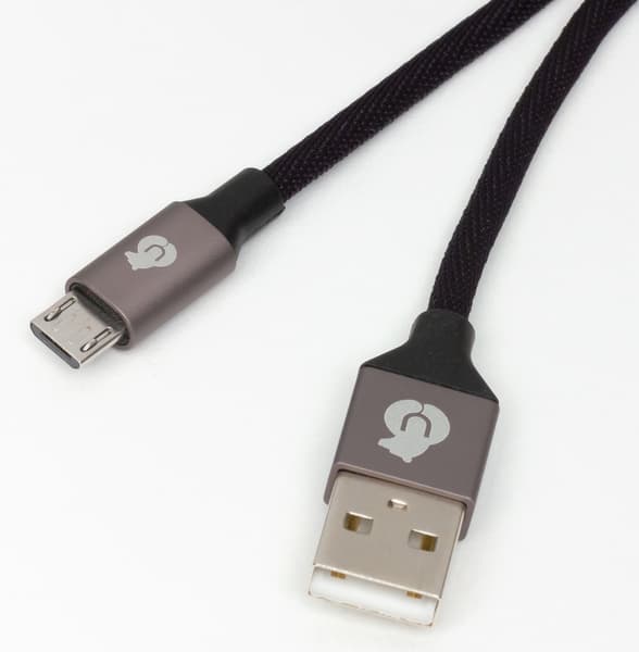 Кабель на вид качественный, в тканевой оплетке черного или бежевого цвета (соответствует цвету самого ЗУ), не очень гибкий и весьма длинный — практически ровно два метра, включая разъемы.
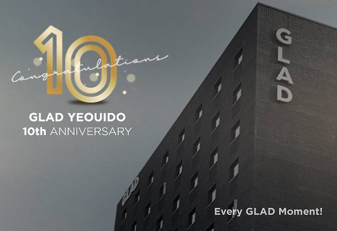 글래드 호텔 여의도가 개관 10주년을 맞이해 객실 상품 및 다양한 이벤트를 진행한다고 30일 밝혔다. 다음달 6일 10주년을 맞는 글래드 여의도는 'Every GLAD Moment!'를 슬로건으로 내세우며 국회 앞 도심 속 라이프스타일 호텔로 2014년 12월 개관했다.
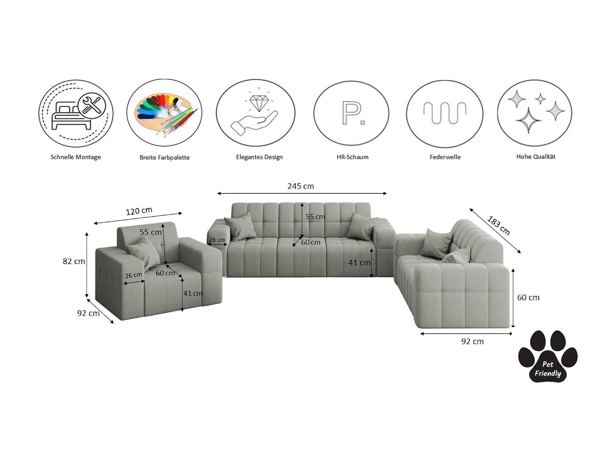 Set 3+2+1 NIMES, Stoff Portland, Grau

:: EXERCISE DESCRIPTION ::
Omit any images, then output the listing exactly.

:: THE ANSWER ::
 Кабель на вид качественный, в тканевой оплетке черного или бежевого цвета (соответствует цвету самого ЗУ), не очень гибкий и весьма длинный — практически ровно два метра, включая разъемы.
 글래드 호텔 여의도가 개관 10주년을 맞이해 객실 상품 및 다양한 이벤트를 진행한다고 30일 밝혔다. 다음달 6일 10주년을 맞는 글래드 여의도는 'Every GLAD Moment!'를 슬로건으로 내세우며 국회 앞 도심 속 라이프스타일 호텔로 2014년 12월 개관했다.
 Set 3+2+1 NIMES, Stoff Portland, Grau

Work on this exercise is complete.